The juvenile court entered identical judgments in all of the children's cases. Mother has stipulated to the court's jurisdiction and is not a party to the appeal.
The family has had extensive involvement with the Department of Human Services (DHS) at least since 2016, arising out of reports of neglect and abuse of the children as a result of mother's mental health issues, housing instability, and both parents' drug use. The children were first made wards of the court in January 2017, based on mother's mental health and her violence toward father. Father retained physical custody of the children pursuant to a safety plan to protect them from mother. But father did not comply with the safety plan, and the parents continued to have contact, despite a court order prohibiting them from doing so.
After the court assumed jurisdiction, father filed a petition for dissolution of the parents' marriage in March 2017, and the petition alleged that mother's mental health problems prevented her from being able to parent the children.
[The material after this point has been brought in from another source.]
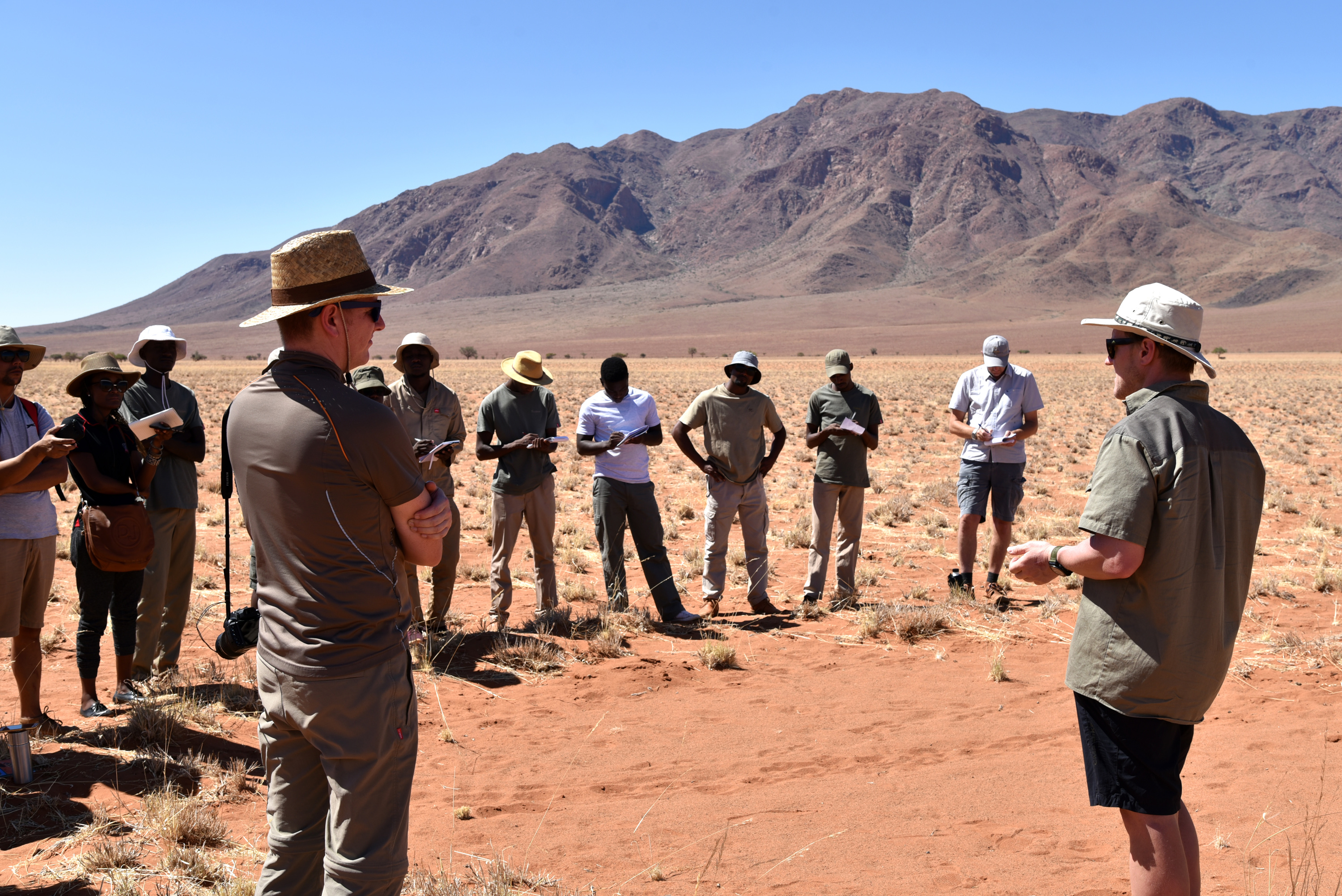 In addition to my work as a researcher, since 2019 I have also been committed to passing on specialist knowledge to Namibian tour guides. After all, the tour guides from the various companies and lodges are the ones who have the closest contact with national and international tourists. In November 2025, more than 20 tour guides gathered at Wolwedans in the NamibRand Nature Reserve to attend my full-day workshop “Fairy Circles and Plant Adaptations to Water Stress in the Namib”.

In September 2017, while the dissolution matter was pending, DHS dismissed the dependency petition. Then, in November 2017, pursuant to the parents' motion, the court dismiss the dissolution petition.
Throughout 2018, the parents' relationship was tumultuous, and DHS had multiple contacts with the family, but the children remained in parents' care. In June 2019, the oldest child reported that mother was neglecting the children due to her mental health issues and that father was not protecting the children from mother. DHS initiated an assessment and attempted to work with father on an in-home safety plan, but father was unwilling to do that. DHS recommended that the children be removed, but the court declined to issue a removal order at that time, and the assessment was closed.
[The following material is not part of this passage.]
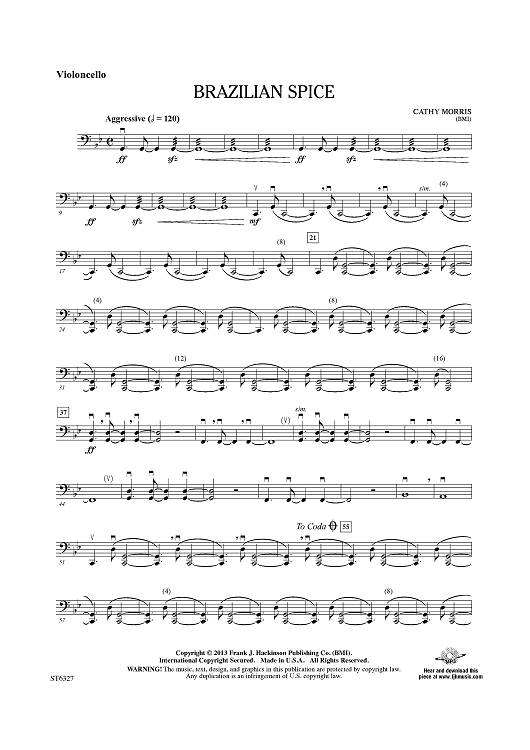 "Brazilian Spice - Violoncello" Sheet Music by Cathy Morris

In January 2020, the children were alone with mother when she threatened herself with a knife in front of the children. The oldest child called father at work, and he returned. The police removed mother from the house, and DHS initiated an assessment, again attempting to work with father to implement an in-home safety plan to protect the children from mother.
Father was on probation on a conviction for misdemeanor telephonic harassment of mother. He failed to report to his probation officer, and, on February 7, 2020, father's probation officer determined, after father submitted to a urine test, that father had used methamphetamine, in violation of his probation. Father served a sanction of six days in jail for that violation, and DHS took custody of the children and filed the instant petitions. The children were placed in foster care in February 2020.
On his release from jail, father began drug treatment but continued to use methamphetamine and marijuana. He met weekly with a mental health counselor but continued to down-play mother's risk to the children and to deny use of methamphetamine. When his DHS case worker challenged him to stop lying and to be honest with her, he answered, "I don't know how. I don't know how to do that. This is just how * * * I was raised and I don't know how to fix it." DHS identified an in-patient drug treatment program for father, but he declined to participate.
In June and July 2020, the juvenile court held jurisdictional and dispositional hearings and heard testimony from DHS witnesses describing the family's long involvement with DHS, father's failure to abide by plans to keep the children safe from mother, and father's drug use. Father had been receiving drug treatment since his release from custody but continued to use methamphetamine up to the time of trial. Father acknowledged that he could not be a safe parent while high on methamphetamine but testified that he would leave the family home to take methamphetamine and leave the children with a babysitter or in mother's care.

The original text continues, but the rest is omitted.